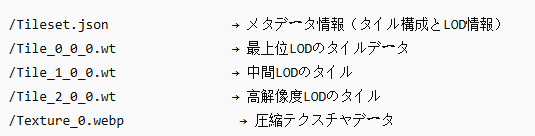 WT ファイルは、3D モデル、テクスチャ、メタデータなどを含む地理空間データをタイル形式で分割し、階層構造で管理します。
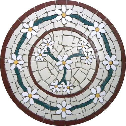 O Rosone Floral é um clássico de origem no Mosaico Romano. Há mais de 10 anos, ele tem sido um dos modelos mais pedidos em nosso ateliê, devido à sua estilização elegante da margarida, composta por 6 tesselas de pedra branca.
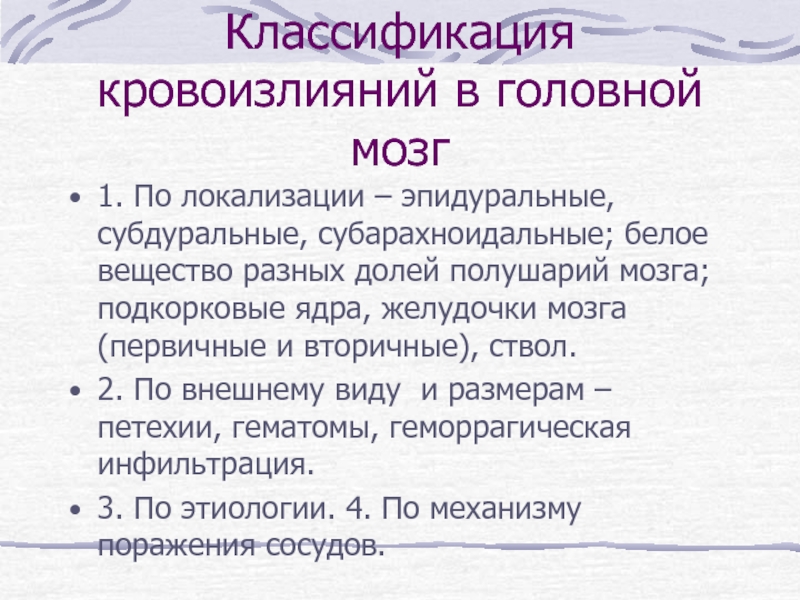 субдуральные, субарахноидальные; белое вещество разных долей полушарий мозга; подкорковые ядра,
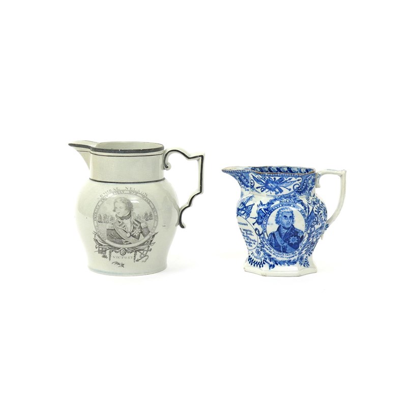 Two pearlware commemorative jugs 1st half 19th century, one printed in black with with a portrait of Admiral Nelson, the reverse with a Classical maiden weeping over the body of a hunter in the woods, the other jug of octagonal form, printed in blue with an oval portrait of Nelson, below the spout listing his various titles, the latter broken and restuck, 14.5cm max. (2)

-=-=-

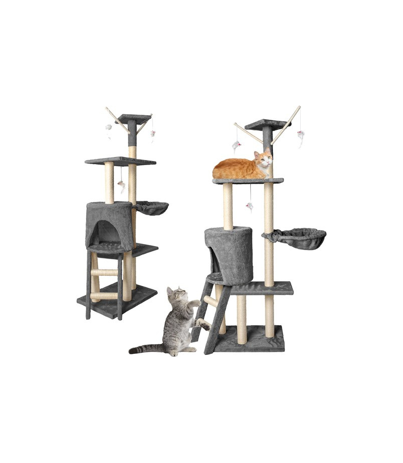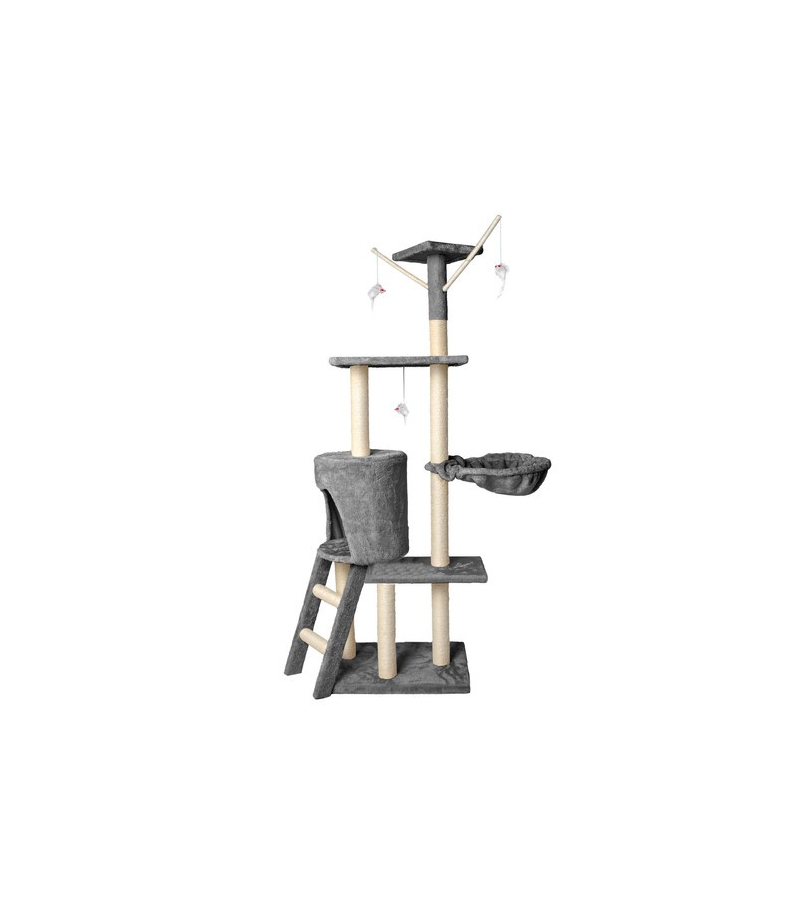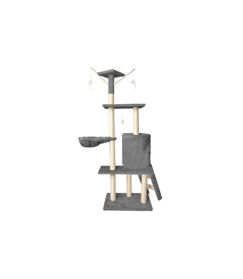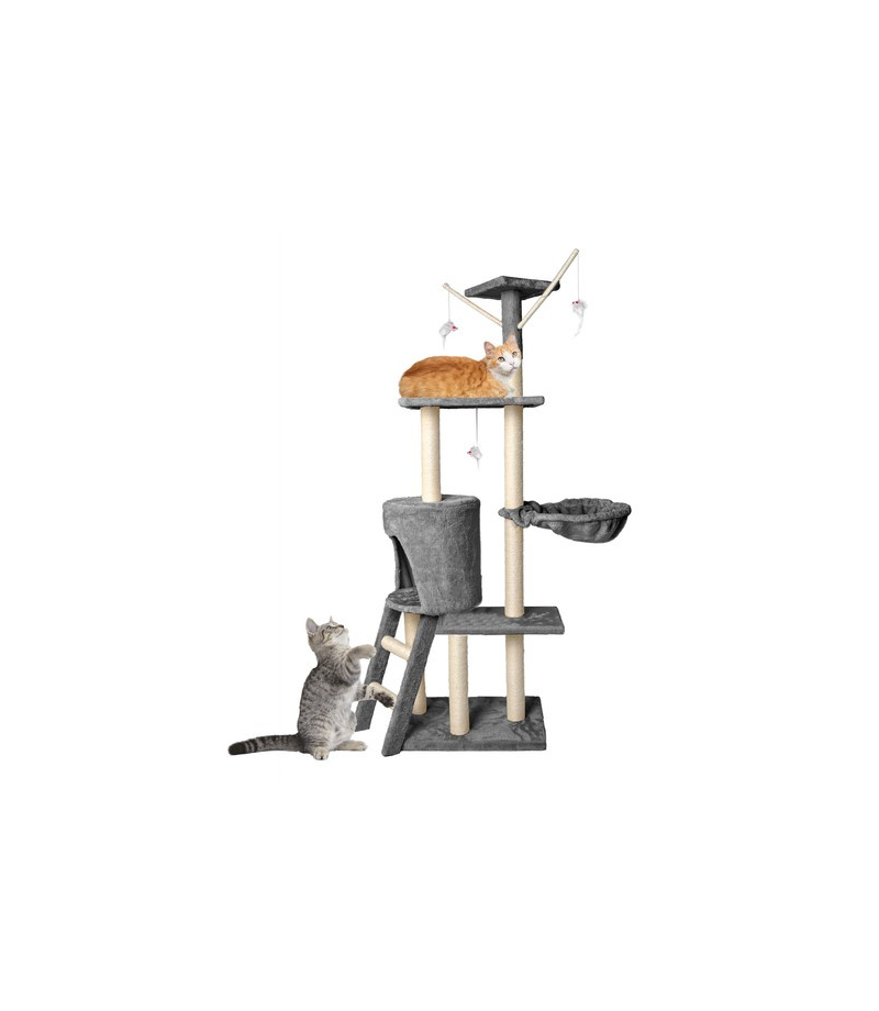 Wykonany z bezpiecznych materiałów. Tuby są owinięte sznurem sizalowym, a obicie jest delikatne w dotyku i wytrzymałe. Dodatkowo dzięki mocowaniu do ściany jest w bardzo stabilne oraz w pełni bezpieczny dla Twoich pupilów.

-=-=-

◆ Task brief ◆
In the data above, find the line containing "субдуральные, субарахноидальные; белое" and the line containing "Two pearlware commemorative". Repeat those two lines and everything between them exactly, minus the pictures.

◆ Output below ◆
 субдуральные, субарахноидальные; белое вещество разных долей полушарий мозга; подкорковые ядра,
 Two pearlware commemorative jugs 1st half 19th century, one printed in black with with a portrait of Admiral Nelson, the reverse with a Classical maiden weeping over the body of a hunter in the woods, the other jug of octagonal form, printed in blue with an oval portrait of Nelson, below the spout listing his various titles, the latter broken and restuck, 14.5cm max. (2)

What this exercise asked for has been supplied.